Heinz Insider Trading Highlights Need for Wall Street Transparency
NEW YORK (TheStreet) -- In Heinz's(HNZ) $28 billion acquisition by Warren Buffett's Berkshire Hathaway(BRK.A) and private equity firm 3G Capital, someone may have illegally made a $1.8 million profit using inside information, according to the Securities and Exchange Commission.
The SEC alleges a dormant trading account in Switzerland kicked into action buying up call options for Heinz just ahead of the ketchup maker's purchase by Berkshire and 3G Capital, in what it says is a violation of securities laws.
As it turns out, the SEC's allegation of insider trading and a court order to freeze the unnamed Zurich-based options account comes just as media reports indicate SAC Capital Management saw withdrawals of $1.7 billion, or a quarter of outside investor assets, as the hedge fund tries to battle allegations of insider trading levied against a handful of its former traders.
The separate news events, however, shouldn't be seen independently.
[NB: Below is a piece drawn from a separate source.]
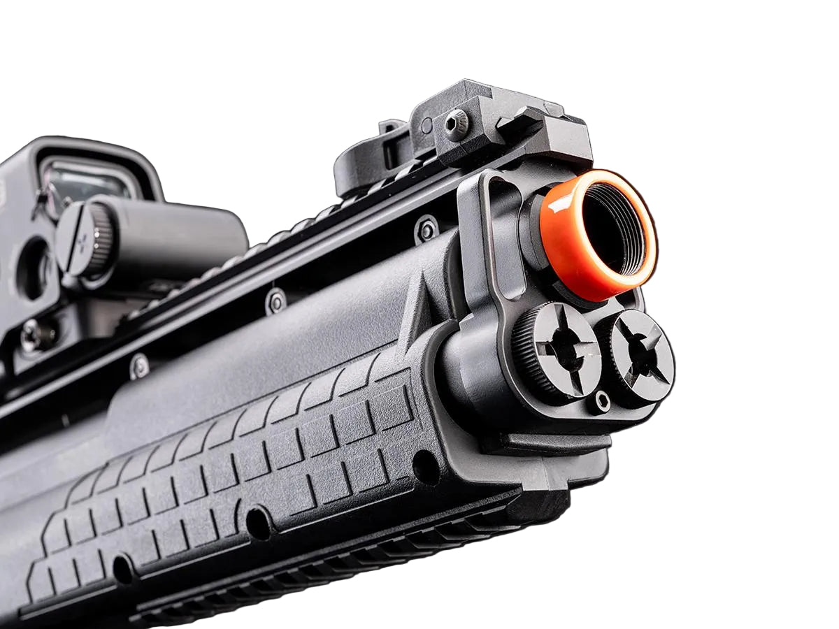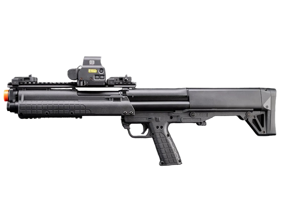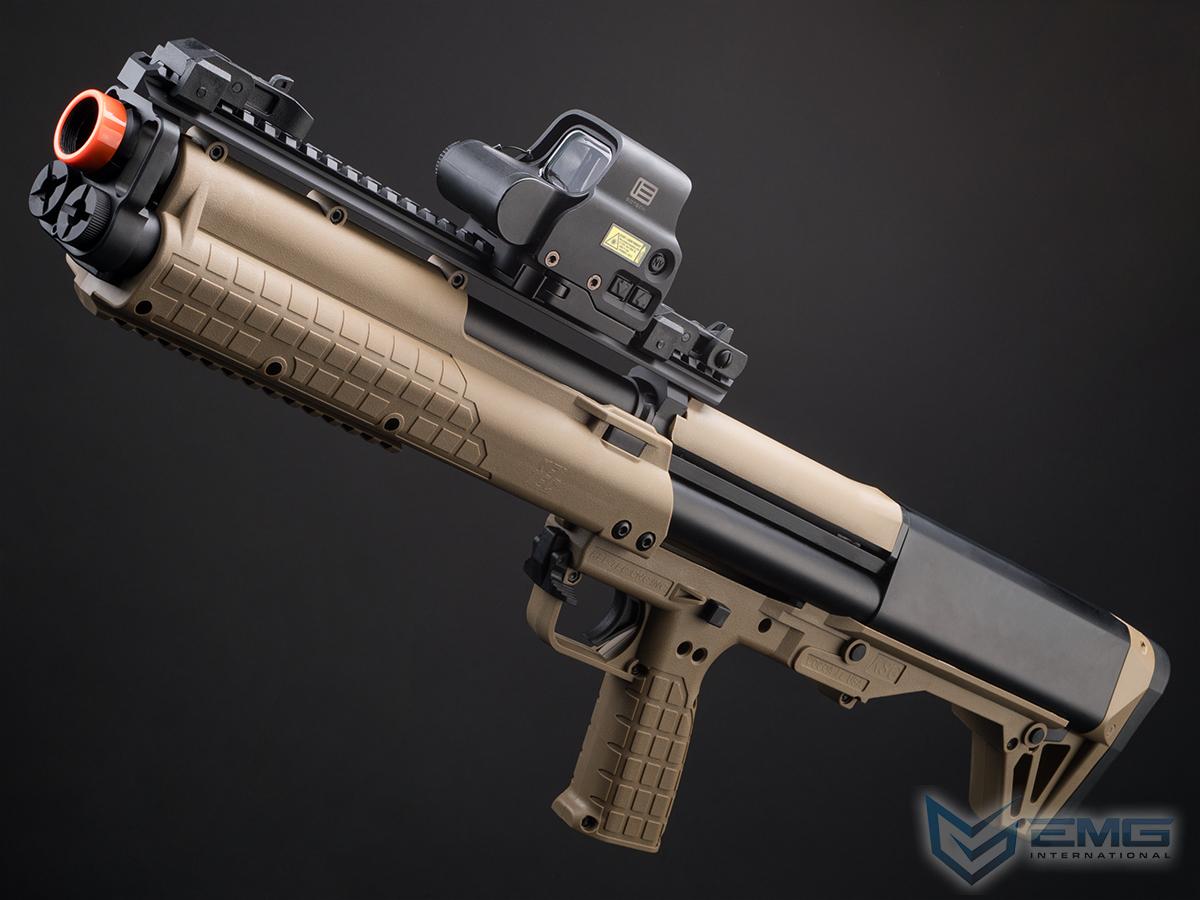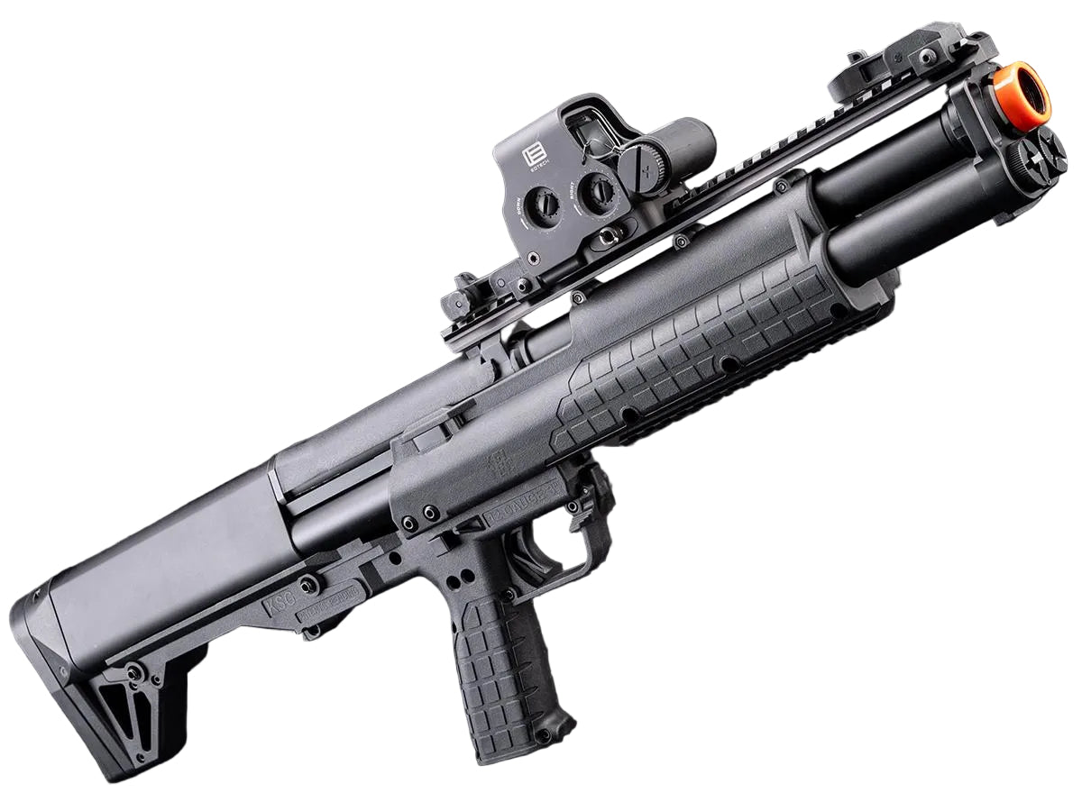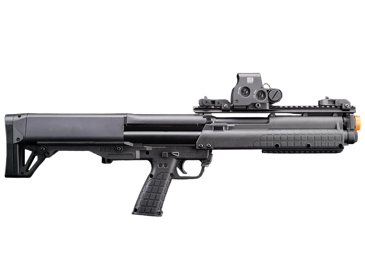 EMG has faithfully recreated a durable, reliable and cost efficient gas powered KSG bullpup Airsoft replica. Powered by a removable reservoir filled with green gas, this shotgun is capable of firing between 3 and 6 BB's at one time by manipulating a switch underneath a dust cover right behind the rear sight. The KSG has 3 inner barrels and is equipped with a fixed hop-up for each barrel. The shotgun accepts aftermarket 30 round Airsoft shotgun shells and magazine adapters. Picatinny rail segments are located on the top and bottom of the gun that allows mounting foregrips, laser designators, flash lights, scopes and more. Flip-up iron sights are included and are located on the top rail. Overall this compact bullpup shotgun would be a great addition to your Airsoft arsenal.

In fact, the SEC's quick ability to catch what it suspects is potentially illegal trading just over 24 hours after Heinz's proposed acquisition and a multi-year investigation to levy insider allegations against SAC Capital traders may prove the rationale for more transparency on Wall Street.
The SEC alleges that on Feb. 13, a day prior to Heinz's acquisition, the Swiss options account bought 2,533 out-of-the money June $65 calls for a total of nearly $90,000. "Between Sept. 1, 2012, and Feb. 13, 2013, the account through which the defendants traded had no prior history of trading in Heinz," the SEC states.
When Heinz's $72.50-a-share acquisition was announced, those trades stood to gain nearly $1.8 million, a 1,700% return from the prior day when the contracts were traded.
At the heart of the issue is whether fraud goes undetected by regulators like the SEC for the simple reason that trading occurs in hard-to-regulate over-the-counter markets, or so-called dark pools of opaque stock trading.